**TASK DIRECTIONS:** Print the lines in the listing below that fall between the line with "大きな鏡と広い作業スペースで" and the line with "El Homicidio Intencional", those two lines included, exactly as they stand and with nothing else.

BEGIN DATA FOR THIS EXERCISE

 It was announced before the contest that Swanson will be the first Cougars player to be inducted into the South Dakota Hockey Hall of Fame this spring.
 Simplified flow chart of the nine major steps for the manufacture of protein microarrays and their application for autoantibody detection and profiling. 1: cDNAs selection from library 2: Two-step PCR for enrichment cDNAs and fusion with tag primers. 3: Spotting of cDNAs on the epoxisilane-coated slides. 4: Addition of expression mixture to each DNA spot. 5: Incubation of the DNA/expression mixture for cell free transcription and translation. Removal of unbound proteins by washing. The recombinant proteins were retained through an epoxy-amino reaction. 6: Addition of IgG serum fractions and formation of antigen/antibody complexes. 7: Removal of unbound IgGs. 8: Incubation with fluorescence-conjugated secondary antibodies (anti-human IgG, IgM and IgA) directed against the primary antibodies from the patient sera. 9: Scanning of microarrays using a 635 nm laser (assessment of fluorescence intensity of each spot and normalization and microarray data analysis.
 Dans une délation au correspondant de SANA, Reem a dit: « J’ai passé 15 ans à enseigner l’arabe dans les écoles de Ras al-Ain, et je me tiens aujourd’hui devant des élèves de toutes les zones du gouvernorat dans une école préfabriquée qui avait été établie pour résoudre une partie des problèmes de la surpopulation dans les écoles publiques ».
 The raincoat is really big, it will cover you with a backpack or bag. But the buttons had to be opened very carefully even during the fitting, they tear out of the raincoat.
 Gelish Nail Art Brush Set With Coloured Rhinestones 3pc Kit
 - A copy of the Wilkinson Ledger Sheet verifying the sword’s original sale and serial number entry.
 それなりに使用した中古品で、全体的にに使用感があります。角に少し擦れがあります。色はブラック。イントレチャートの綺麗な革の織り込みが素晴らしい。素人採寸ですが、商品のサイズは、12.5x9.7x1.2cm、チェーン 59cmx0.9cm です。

END DATA FOR THIS EXERCISE
BEGIN DATA FOR THIS EXERCISE

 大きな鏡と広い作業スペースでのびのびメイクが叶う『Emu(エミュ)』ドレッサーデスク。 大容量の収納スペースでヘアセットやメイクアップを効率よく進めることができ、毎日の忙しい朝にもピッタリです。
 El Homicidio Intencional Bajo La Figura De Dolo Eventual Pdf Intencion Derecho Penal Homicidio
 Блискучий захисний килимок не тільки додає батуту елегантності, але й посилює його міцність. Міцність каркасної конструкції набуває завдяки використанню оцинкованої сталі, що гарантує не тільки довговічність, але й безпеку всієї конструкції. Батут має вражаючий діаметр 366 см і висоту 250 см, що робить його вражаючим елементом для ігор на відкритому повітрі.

END DATA FOR THIS EXERCISE

**ANSWER SPACE:**
 大きな鏡と広い作業スペースでのびのびメイクが叶う『Emu(エミュ)』ドレッサーデスク。 大容量の収納スペースでヘアセットやメイクアップを効率よく進めることができ、毎日の忙しい朝にもピッタリです。
 El Homicidio Intencional Bajo La Figura De Dolo Eventual Pdf Intencion Derecho Penal Homicidio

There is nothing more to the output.